The pdf2Data Editor allows you to use the expert mode for selectors; so-called because it gives you extra flexibility, but also requires extended knowledge to build an extraction pipeline.

Prerequisites

We assume you know how to edit the data field in the expert mode.

Expert mode selectors

There are a few pdf2Data selectors which are exclusively available in the expert mode.

Table frequency selector

  • Keyword: tableFreq: selectCell=1;2, selectRow=1:2, selectColumn=2:2

Uses text frequency analysis to detect table cells and might work better than the default Table selector for borderless tables.

The properties selectCell, selectRow, selectColumn are optional, and specify the row and column numbers (or ranges using start:end syntax), if only a part of the table needs to be extracted.

XML Grouping

XML Grouping is used to structure the XML output combining the detected data fields into groups.

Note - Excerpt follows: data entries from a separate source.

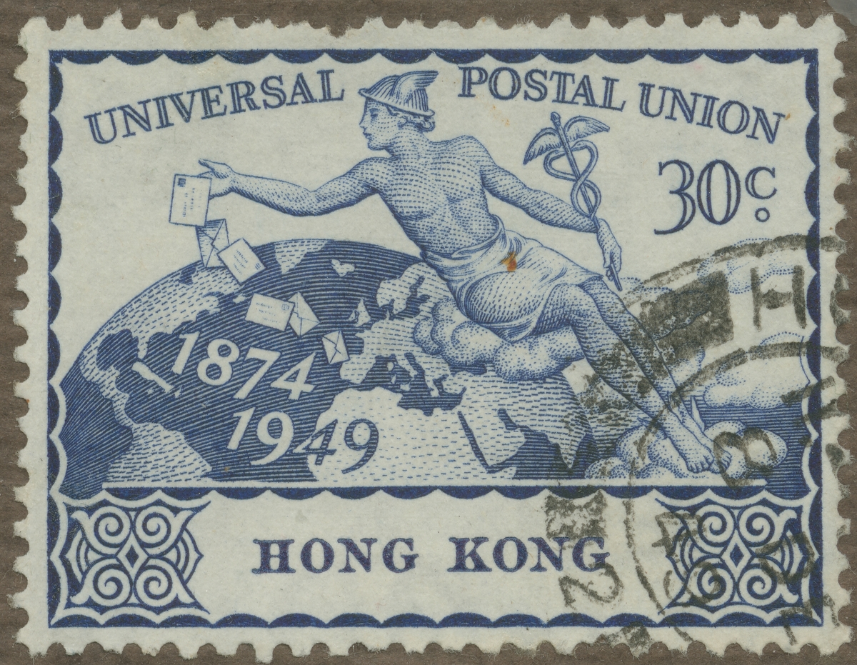 Frimärke från Hong Kong, 1949. Motiv av jordhalvklot och Atleten. Merkurius som brevförare. "U. P. U. 75 år 1874-1949".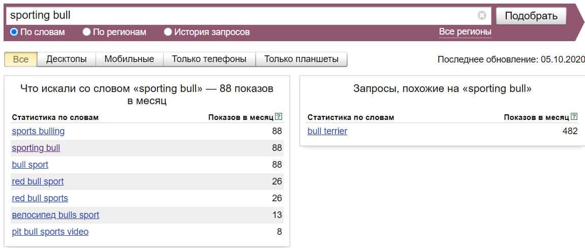 Название бренда "СпортингБулл" на русском языке без пробела люди искали в системе Яндекс не очень часто, результат равен 51 показу.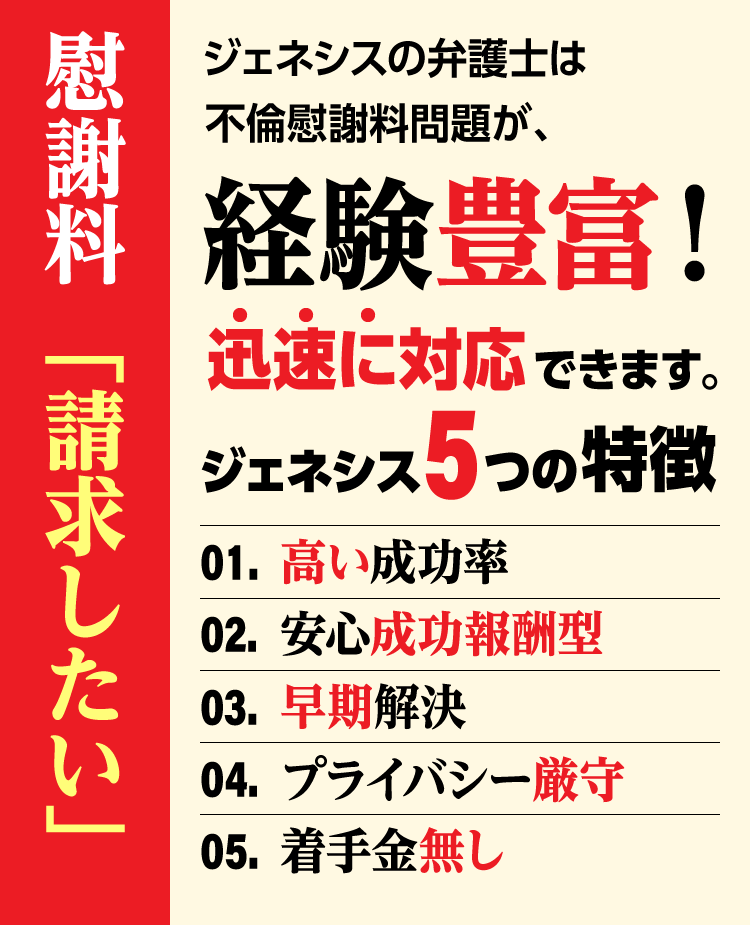 - 申し訳ございません。弁護士法人ジェネシスでは現在多くの慰謝料請求関連のお問い合わせを頂いておりまして、離婚のみのご相談はお受け出来ない状況でございます。

  • Keyword: groupByTb: FIELD_NAME
  • FIELD_NAME is a name of any other field in the template

This selector results in all instances of the current data field to be placed inside the preceding (vertically top to bottom) data field FIELD_NAME.

info

Please see the XML grouping article to know more.

Font size selector (expert)

  • Keyword: fontSize: minSize=X, maxSize=Y

Unlike the standard Font size selector, it selects all characters with a font size between X and Y. If minSize and  maxSize parameters are present, the font size of the text inside the field region is ignored.

All pdf2Data selectors can be used in expert mode with special keywords, and some of them also allow you to specify additional parameters that affect accuracy. Please see a particular selector page to get insight on how to use it in expert mode.